Scientists previously theorized an electrical circuit should exist at Saturn. After analyzing data that Cassini collected in 2008, scientists saw a glowing patch of ultraviolet light emissions near Saturn’s north pole that marked the presence of a circuit, even though the moon Enceladus is 150,000 miles (240,000 kilometers) away from the planet.
The patch occurs at the end of a magnetic field line connecting Saturn and Enceladus. The area, known as an auroral footprint, is the spot where energetic electrons dive into the planet’s atmosphere, following magnetic field lines that arc between the planet’s north and south polar regions.
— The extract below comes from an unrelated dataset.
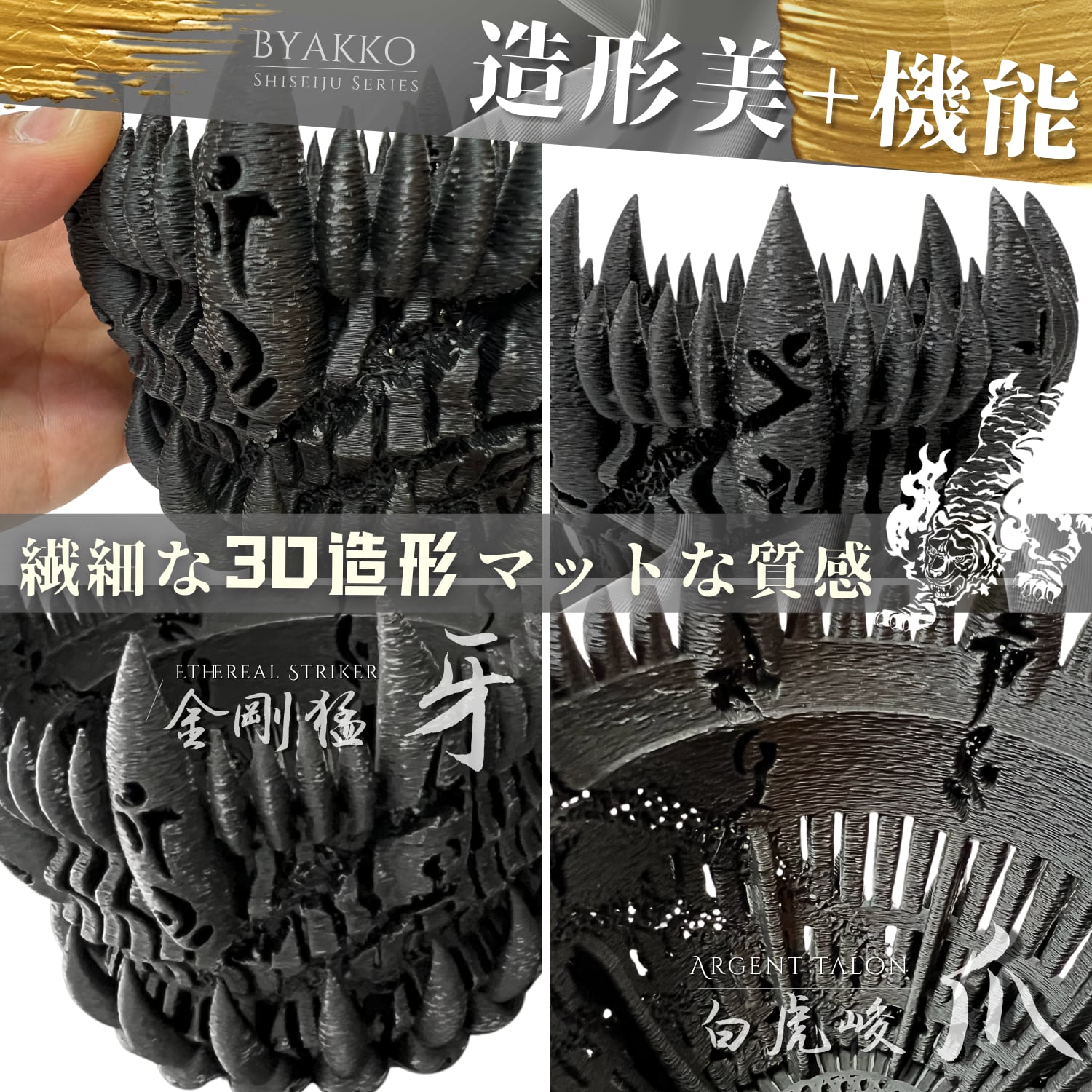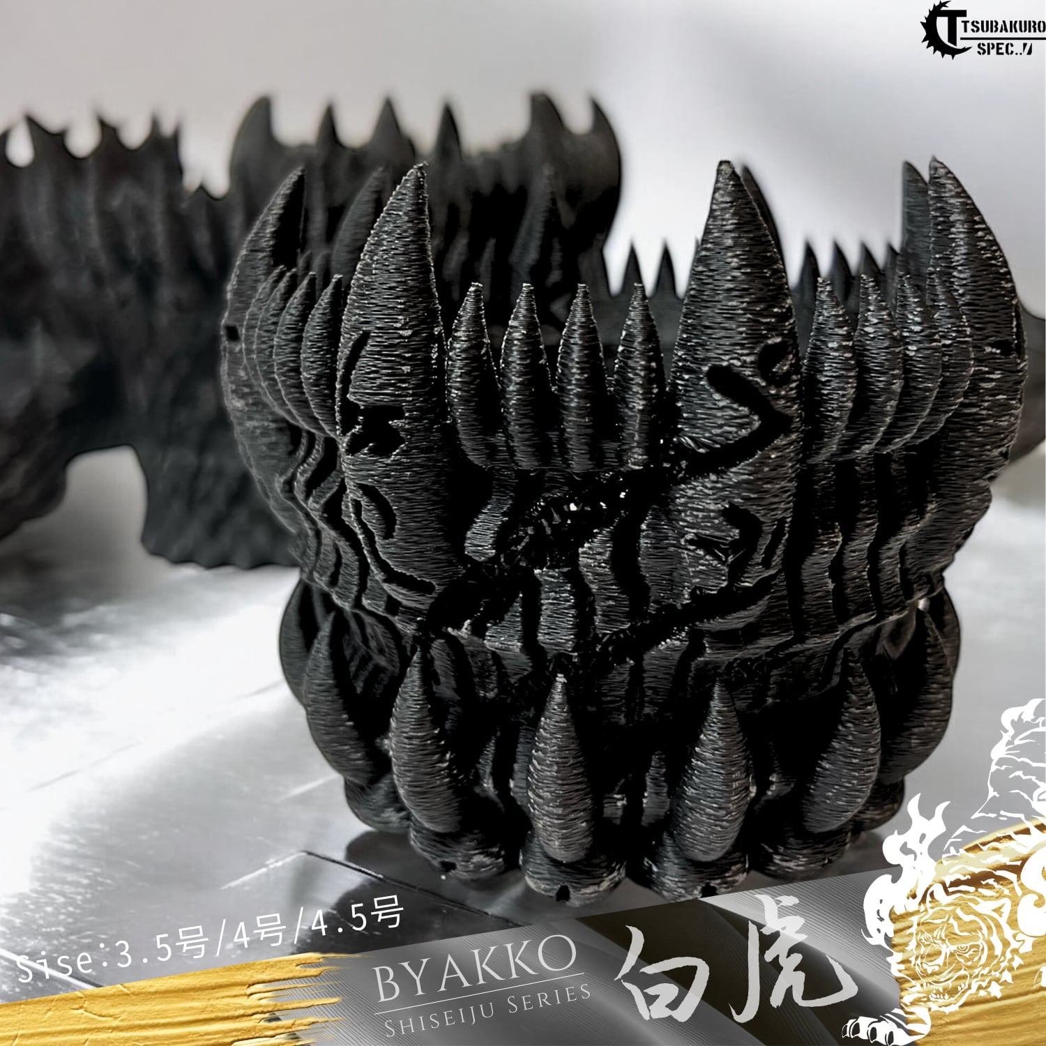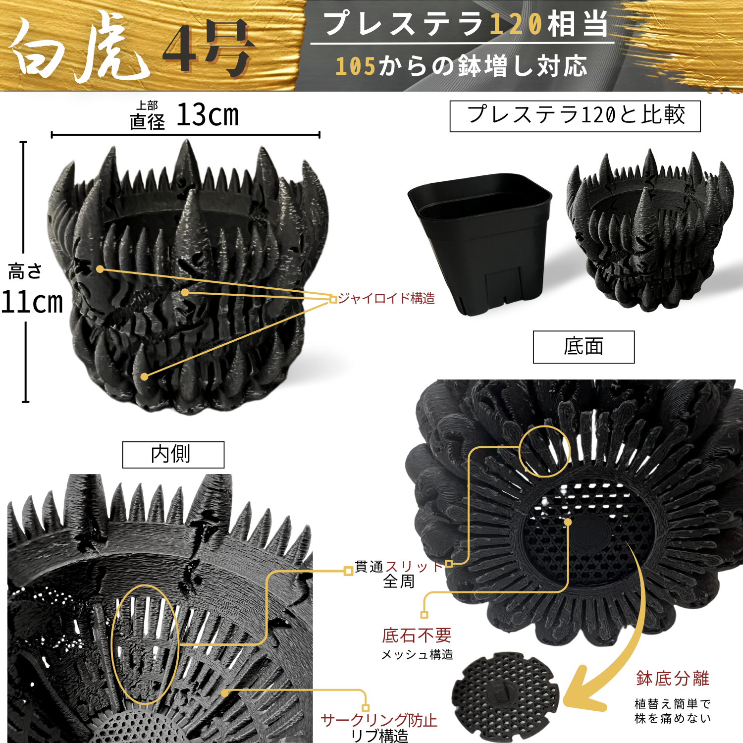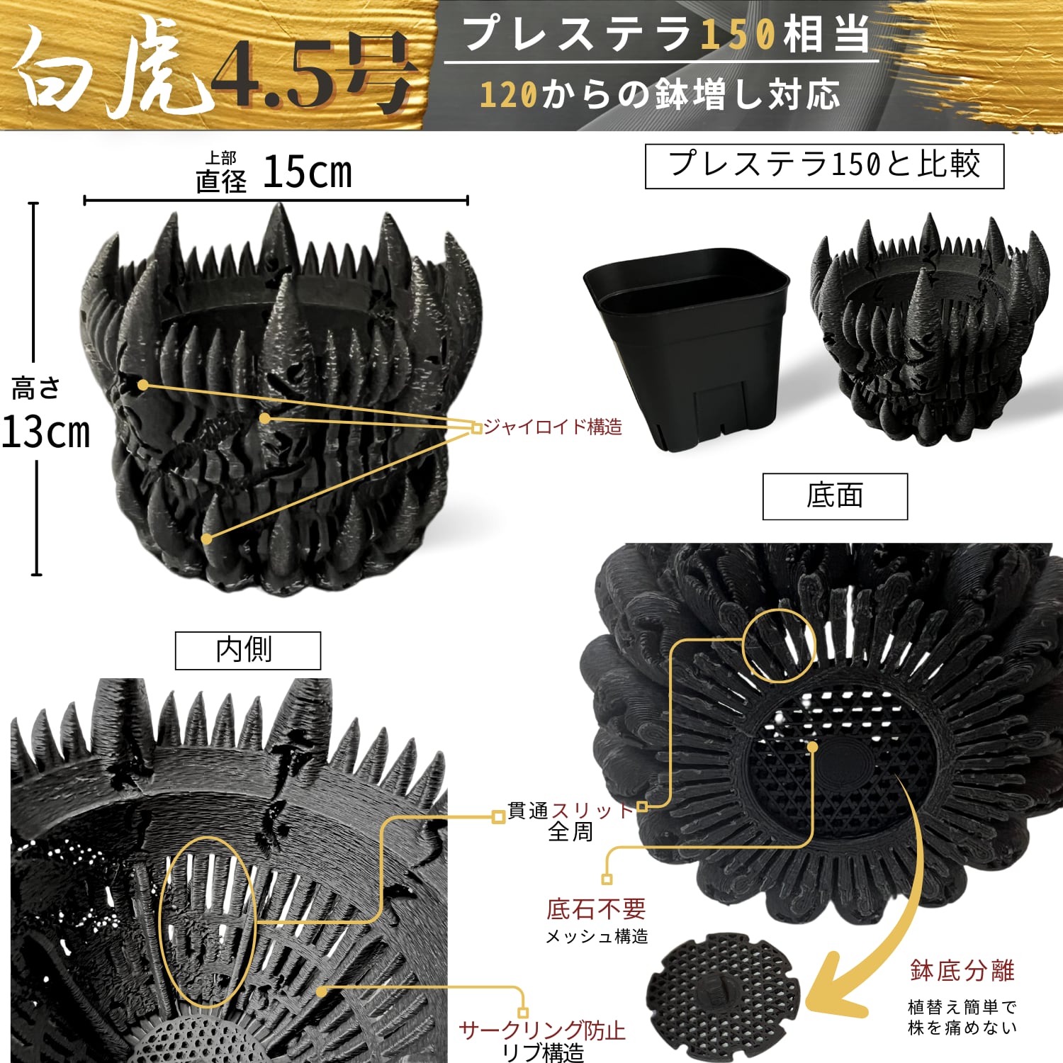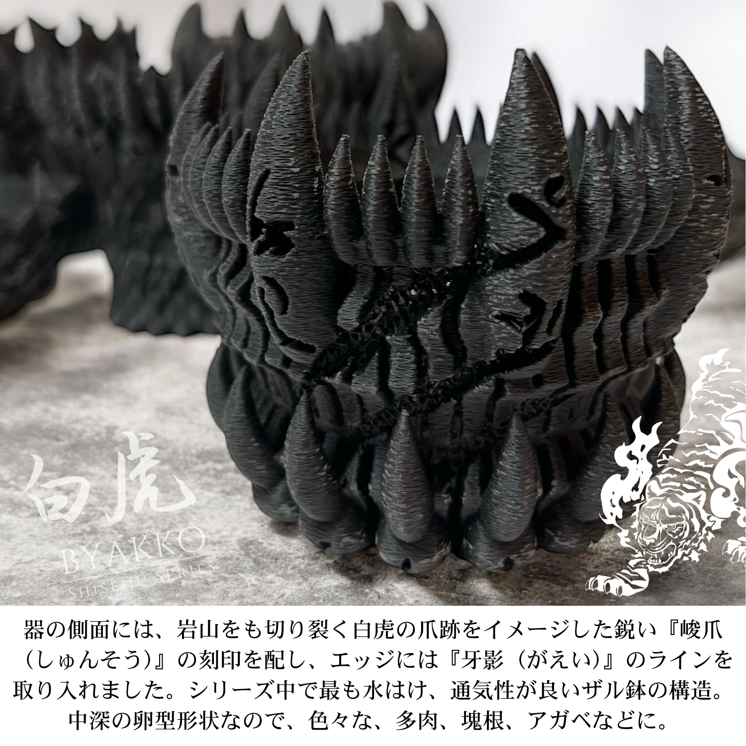 鉢の形状は、中深のテーパードで、鉢底には白虎の爪を、エッジには牙のデザインを取入れ、

“The footprint discovery at Saturn is one of the most important fields and particle revelations from Cassini and ultimately may help us understand Saturn’s strange magnetic field,” said Marcia Burton from NASA’s Jet Propulsion Laboratory in Pasadena, California. “It gives us the first visual connection between Saturn and one of its moons.”
The auroral footprint measures approximately 750 miles (1,200 km) by less than 250 miles (400 km), covering an area comparable to California or Sweden. At its brightest, the footprint shone with an ultraviolet light intensity far less than Saturn’s polar auroral rings, but comparable to the faintest aurora visible on Earth without a telescope in the visible light spectrum. Scientists have not found a matching footprint at the southern end of the magnetic field line.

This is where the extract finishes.